Abbreviations: GMR, geometric mean ratio; ISI, insulin sensitivity index; NA, not applicable; TMAO, trimethylamine N-oxide.

SI conversion factors: To convert glucose to mmol/L, multiply by 0.0555.

a

Model 1 adjusted for age, sex, race, site, educational attainment, income, body mass index, waist circumference, smoking, physical activity, systolic blood pressure, hypertension, low-density lipoprotein cholesterol level, coronary heart disease, animal-sourced food consumption, and total energy intake. Model 2 additionally adjusted for estimated glomerular filtration rate.

b

Compares each of the 4 higher metabolite quintiles with the lowest (reference) quintile. The GMR was obtained in cross-sectional analyses, using generalized estimating equations in models with serial insulin, metabolite, and covariate measurements.

c

Indicates mean difference in plasma glucose level comparing each of the 4 higher metabolite quintiles with the lowest (reference) quintile. The mean differences were obtained in cross-sectional analyses using generalized estimating equations in models with serial glucose, metabolite, and covariate measurements.

d

Indicates mean difference in plasma Gutt ISI comparing each of the 4 higher metabolite quintiles with the lowest (reference) quintile. The mean differences were obtained in cross-sectional analyses using generalized estimating equations in models with serial Gutt ISI, metabolite, and covariate measurements.

High concentrations of plasma carnitine (geometric mean ratio for highest vs lowest quintiles, 1.07; 95% CI, 1.03-1.10), γ-butyrobetaine (geometric mean ratio for highest vs lowest quintiles, 1.06; 95% CI, 1.02-1.09), and crotonobetaine (geometric mean ratio for highest quintile, 1.05; 95% CI, 1.02-1.08) were each associated with increased fasting insulin levels (Table 2). After further adjustment for eGFR, the associations for γ-butyrobetaine and crotonobetaine were no longer statistically significant, whereas the association of carnitine remained significant (geometric mean ratio for highest vs lowest quintiles, 1.04; 95% CI, 1.01-1.08). High concentration of carnitine was also associated with increased glucose concentrations independent of eGFR adjustment (mean difference for highest vs lowest quintiles, 1.95; 95% CI, 1.20-2.70) (Table 2). In contrast, betaine and choline were associated with decreased fasting insulin levels in models adjusted for eGFR (geometric mean ratio for highest vs lowest quintiles, 0.93 [95% CI, 0.90-0.96] and 0.95 [95% CI, 0.92-0.98], respectively), decreased glucose levels for choline only (mean difference for highest vs lowest quintiles, −1.22; 95% CI, −1.99 to −0.45), and increased Gutt ISI (mean difference for highest vs lowest quintiles, 6.46 [95% CI, 4.32-8.60] and 2.27 [95% CI, 0.16-4.38], respectively) (Table 2). High concentration of γ-butyrobetaine was also associated with increased Gutt ISI (mean difference for highest vs lowest quintiles, 2.70; 95% CI, 0.41-4.98]) (Table 2). A summary of these findings in the context of their general metabolite interrelationships is shown in the Figure.
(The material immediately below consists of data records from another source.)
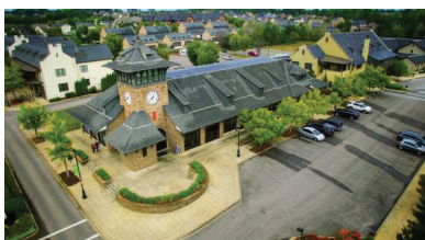
Current location of Church at Ross Bridge

God is opening doors for ministry opportunities that are unprecedented. But to embrace these opportunities it will require that we each seek and depend on the Lord like never before. We will each need to examine what sacrifices we can make and come together to bring those before the Lord in order to make God's BEYOND vision for us a reality!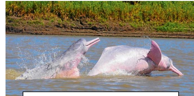
PINK RIVER DOLPHIN – INNIA GEOFRENSIS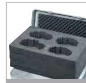
40735-40737 Pick 'n' Pluck foam set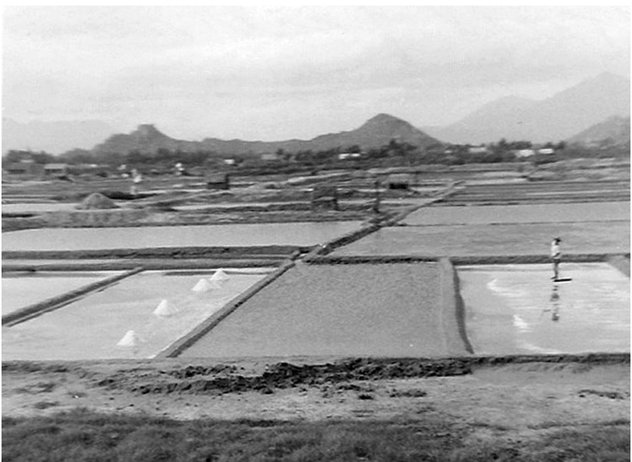
10. Phan Rang AB: Salt Farms outside Beach Gate.

Figure. Associations of Metabolites With Plasma Fasting Insulin and Glucose Levels and the Estimated Gutt Insulin Sensitivity Index (ISI).

Figure.

Population includes 4442 participants in the Cardiovascular Health Study. The arrows represent simplified pathways of the 6 metabolites that were measured in the study, shown in boxes. The gut microbiota generates trimethylamine (TMA) from dietary carnitine, betaine, or choline, and the absorbed TMA is transformed into trimethylamine N-oxide (TMAO) by the liver flavin monooxygenase 3. γ-Butyrobetaine and crotonobetaine are 2 other metabolites of carnitine produced by the gut microbiota. The statistically significant associations of higher concentrations of the metabolites with plasma fasting levels of insulin and glucose and the Gutt ISI were observed in multivariable models and detailed in Table 2 and Table 3.
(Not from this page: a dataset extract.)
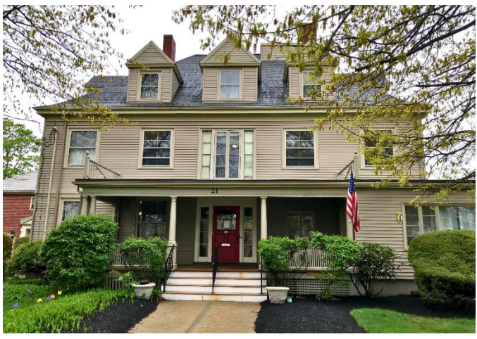
The original Leland Home.

aOutcome expected to worsen glucose-insulin homeostasis.

bOutcome expected to improve glucose-insulin homeostasis.

In a subset of 769 CHS participants, we did not observe significant associations of any of the metabolites with levels of hemoglobin A1c (eTable 2 in the Supplement). In exploratory analyses, we observed a significant modification of the association of betaine with glucose by sex (P < .001 for interaction): a high concentration of plasma betaine was significantly associated with decreased fasting glucose level in men but not women. Comparing the highest quintile with the lowest, the mean difference was 1.85 (95% CI, −3.36 to −0.33) and 0.07 (95% CI. −0.98 to 1.11) in men and women, respectively (eTable 3 in the Supplement).
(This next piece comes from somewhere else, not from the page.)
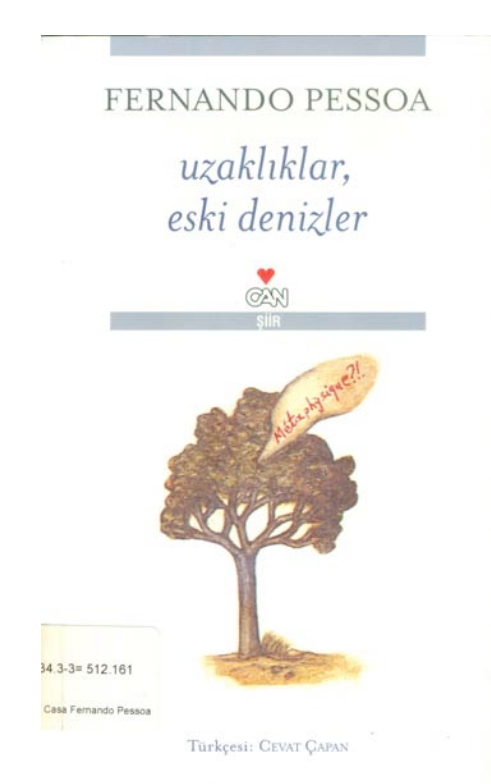
Fig. 5. The cover of uzaklıklar, eski denizler ['distances, old seas'] (2009)

Besides Çapan's endeavors to deliver the poetic complexities of the author in Turkish as completely as possible, Adnan Özer and Rüstem Aslan's edited volume published in 2000, Fernando Pessoa: 20. Yüzyılın Yalnızı ('Fernando Pessoa: The Desolate Man of the 20<sup>th</sup> Century' ), requires special mention (PESSOA, 2000): Özer, a well-known poet who has translated the works of great bards of the Spanish language like Lorca and Paz, and Aslan, whose language of reference is German, put together a list of works among which there are biographical notes for some of the heteronyms, translations from their works and short essays written by various literary critics on Pessoa's projects. The book also contains the translation of Marina Tavares Dias' guidebook to the city of Lisbon as it was during Pessoa's lifetime, supplemented with a detailed photobiography (PESSOA, 2000: 153-181).<sup>9</sup> Such resourcefulness in terms of the utilization of visual material strikes attention in another edited volume published in 2004 as a bilingual catalogue of a special

We identified 661 cases of incident diabetes during follow-up (median, 12.0 [range, 6.9-17.1] years) for an incidence rate of 12.5 per 1000 person-years. Plasma concentrations of TMAO were not associated with incident diabetes (Table 3). After multivariable adjustments, the HR of diabetes associated with TMAO concentrations in the fifth quintile compared with the first quintile was 1.20 (95% CI, 0.94-1.55; P = .46). Further adjustment for eGFR did not materially change these results (HR, 1.19; 95% CI, 0.92-1.55) (Table 3). Plasma concentrations of carnitine (HR, 1.07; 95% CI, 0.83-1.37), betaine (HR, 0.88; 95% CI, 0.67-1.15), choline (HR, 0.96; 95% CI, 0.74-1.24), γ-butyrobetaine (HR, 0.79; 95% CI, 0.60-1.04), and crotonobetaine (HR, 1.06; 95% CI, 0.83-1.35) were also not significantly associated with incident diabetes (Table 3). Findings were similar in exploratory analyses, with follow-up restricted to the first 12 years (eTable 4 in the Supplement). The association between the metabolites and incident diabetes was not significantly different by age, sex, BMI, coronary heart disease, eGFR, or dietary intake of animal-sourced foods (eTable 5 in the Supplement).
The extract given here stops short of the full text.